Шрифт:
Интервал:
Закладка:
<…>
Он не понимал еще одного: аристократичности — поэтому и Герцен, и Толстой остались ему чужды; ему все казалось, что Герцен устраивает республику только потому, что он миллионер, — а будь он беден, ему бы это и в голову не пришло; о Толстом он размышлял так: «Религия Толстого не есть ли „туда и сюда“ тульского барина, которому хорошо жилось, которого много славили и который ни о чем истинно не болел?»
Он все не мог допустить мысли о бескорыстности Толстого. Не может быть. Так вор не понимает, неужели человек может быть серьезно честен? Для него это непостижимо. Так лакей не понимает барина. А барином — и в самом буквальном смысле слова — Розанову очень хотелось быть. «Я барин. И хочу, чтобы меня уважали, как барина». Но:
До «ницшеанской свободы» можно дойти только «пройдя через барина». А как же я «пройду через барина», когда мне долгов не платят, на лестнице говорят гадости, и даже на улице кто-то заехал в рыло, т. е. попал мне в лицо, и когда я хотел позвать городового, спьяна закричал:
— Презренный, ты не знаешь новой морали, по которой давать ближнему в ухо не только не порочно, но даже добродетельно.
Я понимаю, что это так, если я даю. Но когда мне дают?

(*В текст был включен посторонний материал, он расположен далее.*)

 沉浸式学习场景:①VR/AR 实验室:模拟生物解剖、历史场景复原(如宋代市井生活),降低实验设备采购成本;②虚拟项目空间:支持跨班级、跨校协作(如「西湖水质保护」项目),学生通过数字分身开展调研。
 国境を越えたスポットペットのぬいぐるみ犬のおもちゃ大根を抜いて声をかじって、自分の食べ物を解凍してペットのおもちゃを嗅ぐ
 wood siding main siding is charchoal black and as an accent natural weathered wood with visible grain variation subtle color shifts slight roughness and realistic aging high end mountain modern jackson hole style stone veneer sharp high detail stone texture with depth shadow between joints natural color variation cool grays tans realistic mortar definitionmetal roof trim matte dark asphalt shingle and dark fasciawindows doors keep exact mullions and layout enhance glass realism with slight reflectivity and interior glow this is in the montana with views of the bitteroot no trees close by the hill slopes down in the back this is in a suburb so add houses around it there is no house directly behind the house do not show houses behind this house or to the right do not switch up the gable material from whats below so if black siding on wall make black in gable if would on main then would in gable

Известны взгляды Розанова на мораль: «и кто у нее папаша был, не знаю, и кто мамаша, и были ли деточки, и где адрес ее — ничегошеньки не знаю».
Для нас не очень интересно то, что эти слова — ложь Розанова («если я бываю правдив, то только по небрежности»), — о морали он очень хорошо знал все, что нужно, и Герцена, и Толстого именно на основании морали и ругал. И когда писал статьи либеральные в либеральной газете, а консервативные — в охранительной, то тоже знал, что это гадко, когда называл Желябова дураком, тоже знал, почему это подло, — хотя потом и простосердечно удивлялся, почему на него за Желябова обиделся «даже подобострастный Струве». Знал Розанов и то, что, называя Гоголя «идиотом», — он говорит глупость и гадость — и то же говорит, когда прославляет Ходынку.

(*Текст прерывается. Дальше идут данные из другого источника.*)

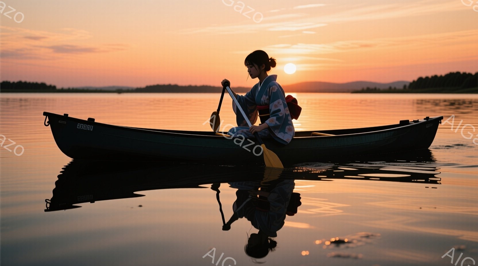 夕暮れ時の湖で、女性がボートを漕いでいる。彼女は落ち着いた表情で、グレーの着物を着ており、黒髪を後ろで結んでいる。背景には、オレンジ色に染まった空と、遠くに見える山々が広がっており、穏やかで静寂な雰囲気を醸し出している。
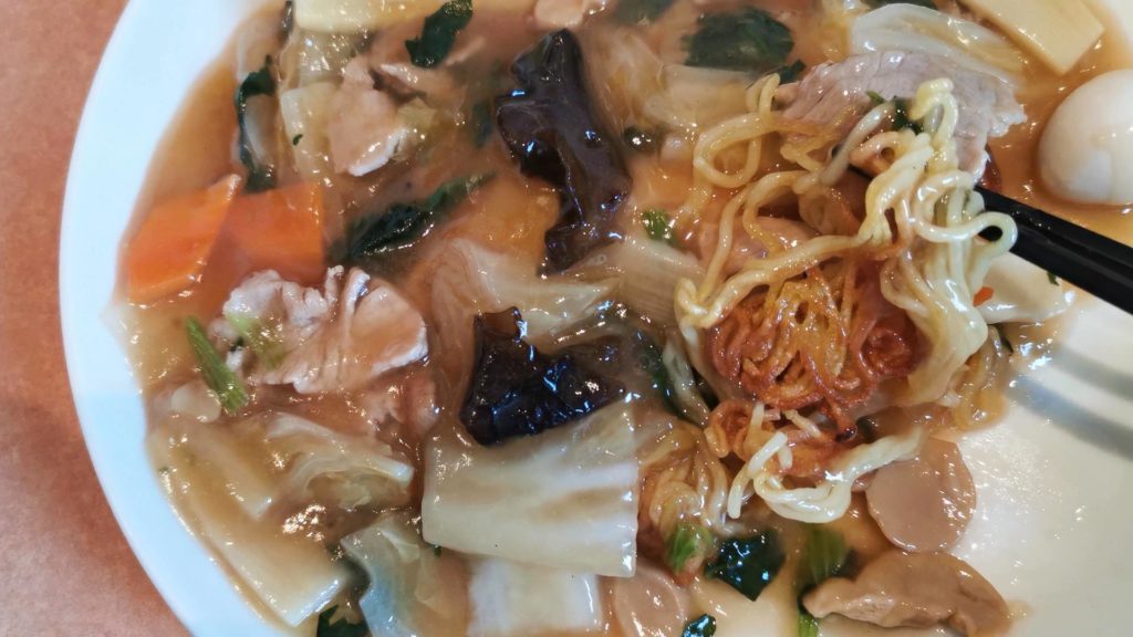 餡がかかった部分が柔らかくなって麺もちょうどいい感じのパリパリ感!
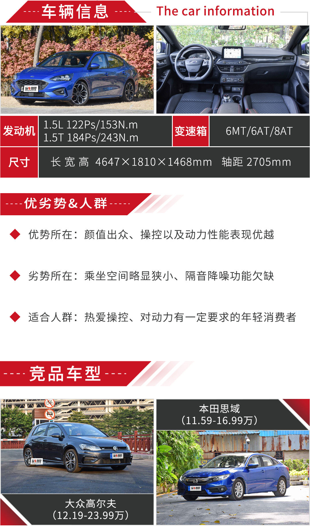 教授点评:福克斯给人印象最深的恐怕就是它那张马丁脸和ST-Line车型,不过呀,ST-Line版和普通版的车型对比起来,ST-Line很帅,而普通版就真的很普通了。即使换代了,操控依然是它的强项,而且得益于轴距的加长,虽不优越,但在空间性能上的短板确实有所提升。可惜的是油耗依然是它的短板,当然了,换个角度来说,这也是可以理解的,毕竟玩操控怎能不费点油呢?不过对于这款车的高低配的板悬和独悬分配,就不能忍了,怎么看怎么奇怪,还有就是竟然全系都已经是三缸机了,虽然三缸机福特向来就做得还不错,但目前而言还是很难令众多消费者所接受啊!

Но можно ли Розанова за это осуждать? Думаю, что осуждать его следует не за это: это дрянь и ерунда и, если бы кого-нибудь спросили: вы лично осуждаете Розанова? — он должен был бы пожать плечами и ответить: нет.
На это можно не обратить внимания, — как мы не обращаем внимания на целые категории людей, профессиональная обязанность которых заключается в обливании ближнего помоями, — фельетонистов, злободневных журналистов, как мы стараемся не обращать внимания на дурные запахи и на те гадости, которые иногда делаются перед нашими глазами. Не забудем к тому же, что Розанов был бедный человек, страдавший от своего унизительного положения — долгов не платят, — и вообще обиженный судьбой, как калека, как горбун, который злобен по своей природе, так как Бог создал его хуже других людей, а он хочет быть барином, таким же, как и другие, — и очень страдает оттого, что он горбун.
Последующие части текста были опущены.